At Bridges’ 2018 trial, the woman testified about the terrifying experience while on the witness stand.

“He pulled me into my daughter’s bedroom, and he pushed me onto the bed,” the victim testified in court in 2018, WMC reported. “I put my hands up like that, and I asked him to stop.”

The woman claimed her daughter was sleeping in a nearby bedroom.

"I felt him raping me," she added.

During the trial, the woman’s daughter had to be escorted from court after she erupted in anger

“I’m going to kill him,” the woman’s daughter said of Randle in 2018. “I want him to die.”

Randle’s attorney, however, argued that the sexual assault was actually consensual and the former Memphis police officer was ultimately acquitted of all charges.

Randle did not testify during the week-long trial.

“The victim testified, the jury heard all the evidence in the case, and resolved the case in favor of the accused,” his lawyer, Leslie Ballin said at the time, per WMC. “Whenever you have a jury trial and the jury speaks, that is justice.”

"While we respect the jury's verdict and appreciate their service, we are deeply disappointed in the outcome," Shelby County District Attorney Gen. Amy Weirich said in a statement after Randle’s acquittal.

Randle reportedly was absent for the verdict, claiming he’d been stuck in traffic — which prompted prosecutors to threaten additional failure to appear charges. 

"Can the state of Tennessee accuse my client of another crime of failure to appear?” Ballin stated at the time. “Absolutely. And I anticipate that to be done very shortly. As I told you, I'm not comfortable talking about what I know about his non-appearance but if he is charged with another crime, I can tell you that under our ethics it would be impossible for me to represent him in regard to that new charge based on what I know and I'm not telling you."

It is unclear if those charges were filed. 

According to prosecutors, though Bridges was belatedly identified in the 2000 assault, he was arrested on a different sexual assault charge in 2001, in another case in which he assaulted a different woman who had reported domestic violence, the Virgin Islands Daily News reported. He was charged with rape in the case but ultimately pleaded guilty to "official oppression" and received a year's probation.

That is when, the paper reported, prosecutors say he changed his name to Ajamu Abiola Banjoko. In 2012, prosecutors say he was fired from a job at Georgia State University for allegedly sexually harassing underage girls.
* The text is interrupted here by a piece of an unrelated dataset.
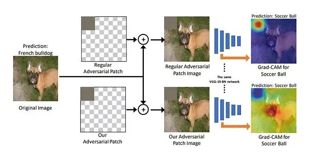 下图展示了一个有趣的现象:在法国斗牛犬的图像上添加一小块对抗性补丁后,VGG分类器竟然以极高的置信度将其判定为足球。Grad-CAM可视化清楚地显示,模型的注意力完全从狗身上转移到了那块补丁——一个精心构造的小扰动就足以劫持整个决策过程。

He was working at the Boys & Girls Clubs of Atlanta when he was arrested on the 2000 rape charges in 2014, according to the charging documents obtained by the Daily News.
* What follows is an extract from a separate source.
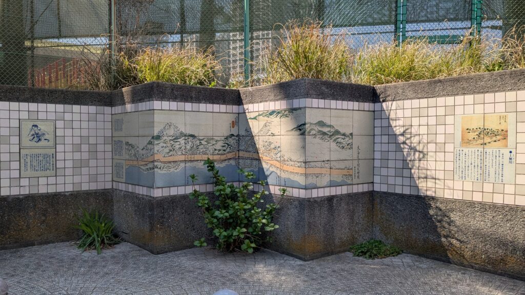 学校の敷地の角に、分間延絵図 を描いたタイルがあります。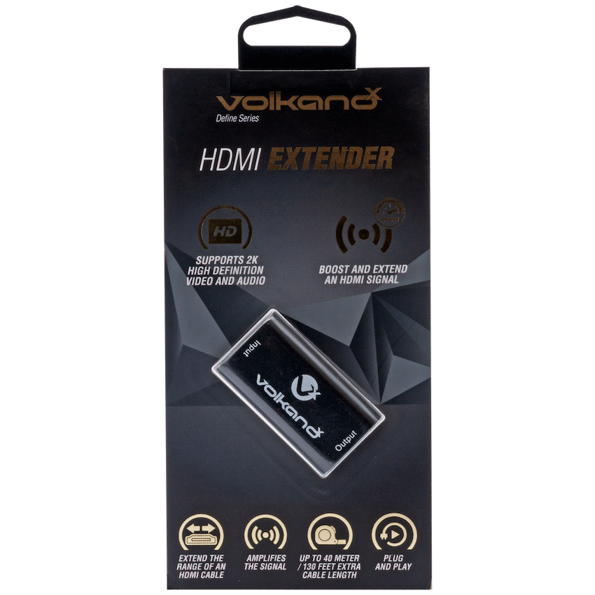 Expand your setup and break free from distance limitations with the VolkanoX Define Series HDMI Extender 40 m. This compact and convenient booster is designed to amplify HDMI signals along your existing cables, enabling crisp, reliable transmission even over extended runs. Whether you’re setting up a projector across the room, enhancing your entertainment system, or organising large-scale presentations, this extender ensures your video and audio stay sharp and uninterrupted.Measuring just a few centimetres, this plug-and-play solution delivers seamless compatibility with HDMI up to 4K @ 30 Hz, delivers multi-channel audio, and requires no external power supply-making installation fast, clean, and hassle-free. Need even more reach? Simply daisy-chain another extender and push your cable length up to 80 m (1080p) or 50 m (4K).

After his acquittal, he changed his name to Oluwafemi Banjoko and moved to the Virgin Islands, where he obtained employment at the University of the Virgin Islands. The Daily News reports that he claims to have a Ph.D. and is employed as a senior contracts and grants specialist. The university told the paper in a statement that he is suspended pending a review by the university but that a third party background check turned up no information on the prior cases.

The U.S. Attorney's office has argued against bond in the case, the Daily News reported, noting Bridges' multiple name changes and his failure to appear for the verdict in his 2018 trial.

No further information was immediately available regarding the pending civil case. The U.S. Attorney’s Office Western District Of Tennessee declined to comment on the open investigation on Thursday morning.